Master Sculpture from Four Millennia
Master Sculpture from Four Millennia
Property from a Private Collection
Auction Closed
July 3, 02:32 PM GMT
Estimate
60,000 - 90,000 GBP
Lot Details
Description
A Cycladic Marble Figure of a Goddess
circa 2600-2200 B.C.
of Dokathismata variety, lying with her legs slightly bent, with folded forearms and sloping shoulders, her flaring head with long aquiline nose, the details of the body finely incised.

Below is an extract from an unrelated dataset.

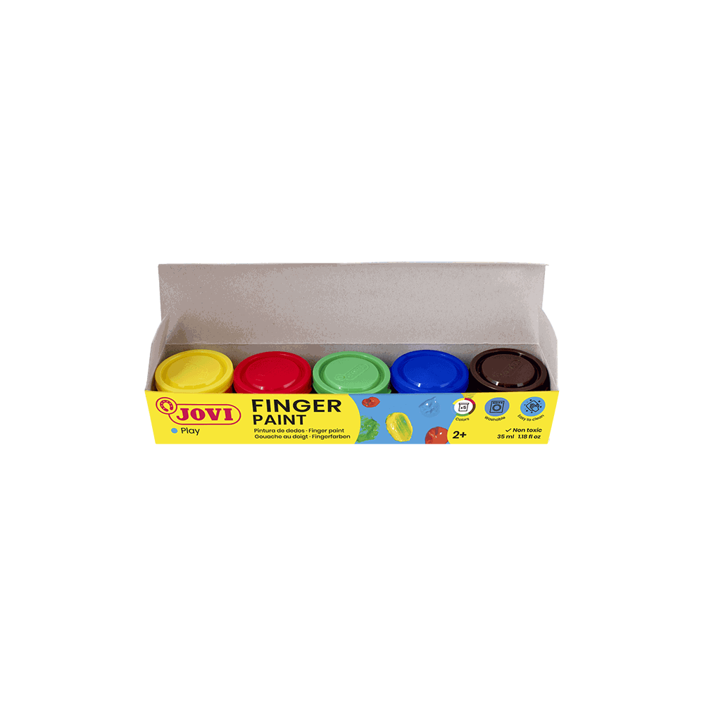 Η JOVI Finger Paint είναι μια φυσικής βάσης μπογιά, ειδικά σχεδιασμένη για ζωγραφική με τα δάχτυλα, προσφέροντας στα παιδιά μια διασκεδαστική και εκπαιδευτική εμπειρία μέσα από μια ευρεία γκάμα ζωντανών χρωμάτων. Με τη μοναδική, ζελατινώδη υφή της, η μπογιά αυτή είναι ευχάριστη στην αφή και βοηθά στην ανάπτυξη του συντονισμού χεριών και δαχτύλων, καθώς και των λεπτών κινητικών δεξιοτήτων των παιδιών. Είναι απολύτως ασφαλής, υποαλλεργική, χωρίς γλουτένη και άλλα κύρια αλλεργιογόνα, ενώ η μη τοξική της σύνθεση καθιστά τη JOVI Finger Paint κατάλληλη για χρήση από παιδιά κάθε ηλικίας. Τα χρώματα μπορούν να αναμειχθούν, επιτρέποντας στα παιδιά να δημιουργήσουν διαφορετικές αποχρώσεις, ενώ η μπογιά καθαρίζεται 100% και αφαιρείται εύκολα από χέρια, ρούχα και επιφάνειες. Για τη χρήση, τα παιδιά μπορούν να επιλέξουν το χρώμα που θέλουν και να ζωγραφίσουν σε μια επιφάνεια με τα δάχτυλα σαν πινέλο ή να δημιουργήσουν αποτυπώματα με τα χέρια, τα πόδια ή σφουγγάρια. Σε περίπτωση που η μπογιά λερώσει τα ρούχα, προτείνεται πλύση στο πλυντήριο σε κανονικό κύκλο, ή εναλλακτικά πλύση στο χέρι, αποφεύγοντας τη χρήση στεγνωτηρίου, ώστε να μην παραμείνουν λεκέδες.
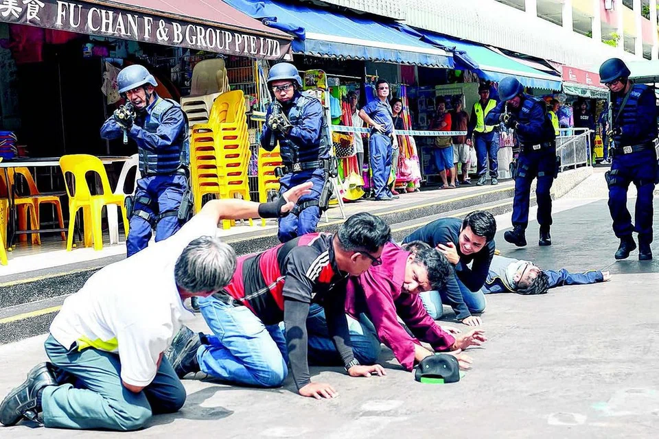 காப்பிக் கடையில் இருந்த ஐந்து பேரை இரண்டு துப்பாக்கிக்காரர்கள் பிணையாகப் பிடித்து, அதை உள்துறைக் குழுவினர் எதிர்கொண்டதாக நடந்த பாவனைப் பயிற்சி நேற்று சொங் பாங் சந்தை, உணவங்காடிப் பகுதியில் நிகழ்த்திக் காட்டப்பட்டது. படம்: ஸ்ட்ரெய்ட்ஸ் டைம்ஸ்

Height as restored 27.4 cm.
Gimpel Fils Ltd., London
acquired by the current owner from the above on January 31st, 1966
Cycladic figures continued to evolve stylistically after the waning popularity of the late Spedos variety. The mid-third millennium B.C. saw the rise of two more mannered, angular and severe varieties known as Dokathismata and Chalandriani. Pat Getz-Preziosi succinctly delineates the types: “The Dokathismata variety is the more refined of the two, with the best figures showing careful workmanship and elongated proportions that contrast sharply with exaggeratedly broad shoulders. Examples of the Chalandriani variety, which consists chiefly of small figures with squared shoulders, are often less carefully made” (P. Getz-Preziosi, Early Cycladic Art in North American Collections, 1987, p. 210). The present example exhibits the elegant elongated sloping shoulders of the Dokathismata variety, while starting to veer towards an overall squareness seen in Chalandriani examples. For a closely related example, see Getz-Preziosi, op. cit., no. p. 216, no. 61.